Trying not to open a whole can of worms here, but 92 degrees C is a fairly typical target temperature for brew water. Some people will like higher temperatures and some lower and some will say that the target temperature will depend upon the coffee. SquareMile coffee will recommend temperatures for different coffees they roast and sell.

Most domestic machines use a thermostat on the brew boiler to control the heating element. Precise control of the brew temperature with a thermostat is not really possible and the best that can really be hoped for is a consistent temperature from one shot to the next. These thermostats often tend to have quite a large dead band (the swing in temperature between where the element is activated at the bottom, cold end to where it is deactivated at the top, hot end). This swing can sometimes be as much as 10 degrees (perhaps 5 degrees either side of the target temperature). This is why many people employ a trick known as "temperature surfing" to return the boiler to a known, consistent temperature immediately before brewing the espresso.

To temperature surf, simply run brew water through the group head without the portafiler engaged.

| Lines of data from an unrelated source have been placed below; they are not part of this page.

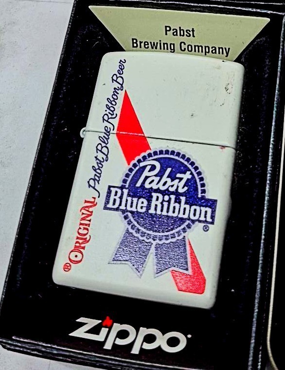 Sharp White Plue Ribbon Beer Slash Zippo and similar items
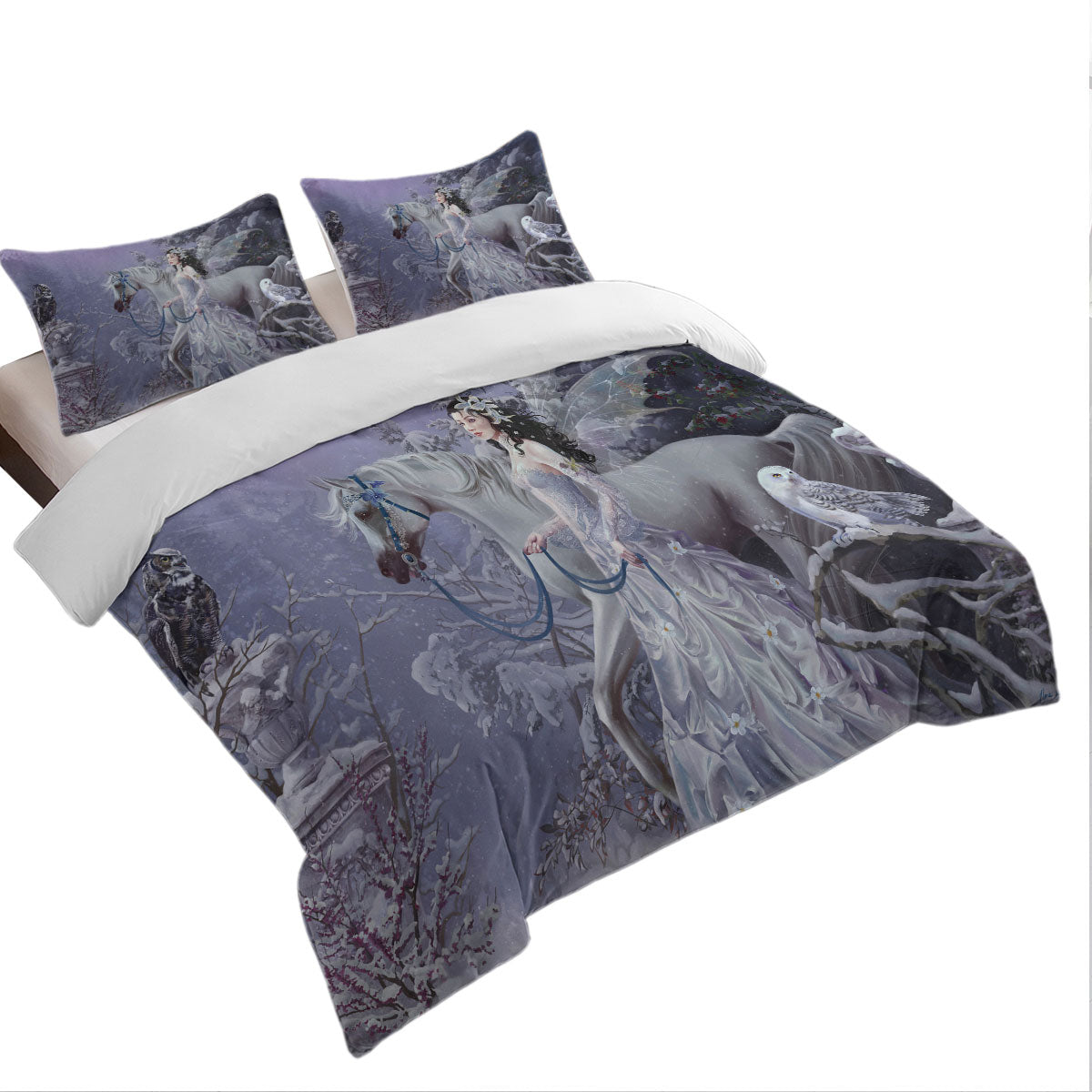 Fantasy Horse Owls and the Winter Wings Fairy Duvet Cover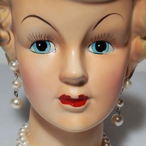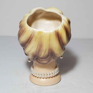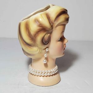 Vintage Enesco lady head vase planter. Faux pearl necklace and earrings. Paint loss on lips. Prior owner wrote on the bottom. Blonde hair, open eyes. Hard to find. Made in Japan, See all pictures.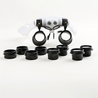 Brillerne leveres med fire forskellige forstørrelseslinser (10X, 15X, 20X, 25X), som nemt kan udskiftes, hvilket gør dem alsidige og perfekte til forskellige typer præcisionsarbejde.

This draws cold water from the tank into the boiler, lowering the overall temperature of the water in the boiler. The amount of water to draw through will depend upon the size of the boiler but draw water at least until the temperature is low enough that the heating element comes on (there should be an indicator bulb for the heating element or perhaps a "ready to brew" light - in which case, this will go off at this point rather than come on). Once the light has come on (or gone off depending upon whether the bulb indicates that the element is on or that the boiler is up to temperature and ready to brew respectively), wait for the bulb to switch off (or on depending upon...). This means that the water in the boiler is now at the top of the thermostat's temperature band. Some people like to brew as soon as the boiler is at the top of band, other's like to wait a pre-determined number of seconds for the temperature to fall to an ideal temperature.

As an alternative, some people fit something called a PID to their machines which gives highly accurate temperature control to within a degree. These also come as standard on some higher end double and single boiler machines.


----------



## MikeHag (Mar 13, 2011)

66C is too low by far to brew espresso, so either it is malfunctioning or whatever means your using to measure the brew water temperature isn't accurate. I'm guessing the latter, cos if it was the former then you'd know from the horrible espresso it made. How are you measuring?


----------



## Glenn (Jun 14, 2008)

Where are you measuring the temperature, and are you using a Fluke or similar probe fit for purpose?

Are you measuring up through the portafilter or with the shower screen exposed?

66c sounds far too low


----------



## MikeHag (Mar 13, 2011)

Let's see who gets in first...









Unfortunately measuring the water coming out at the brew head is not that simple. The water will have lost a surprising amount of heat between the machine and the cup ... 66 isn't all that unusual in the cup (maybe a bit low) but you'll need to take more detailed steps to get something approaching accurate. I bought a cheap digital thermometer with k type thermocouple wire that I run over the top of a blind basket during backflushing. Maybe you could try similar, but during brewing rather than backflushing (since backflush prob isnt an option on your machine)


----------



## jimbow (Oct 13, 2011)

The water tends to loose a lot of heat as it falls into the cup. There is a polystyrene cup method that tends to give a more accurate representation of the brew temperature at the group head. Have a search on the forum or google but it basically involves sticking a probe thermometer through a polystyrene cup and then jamming the cup into the group head to prevent heat loss.


----------



## jimbow (Oct 13, 2011)

MikeHag said:


> Let's see who gets in first...


Beat me!


----------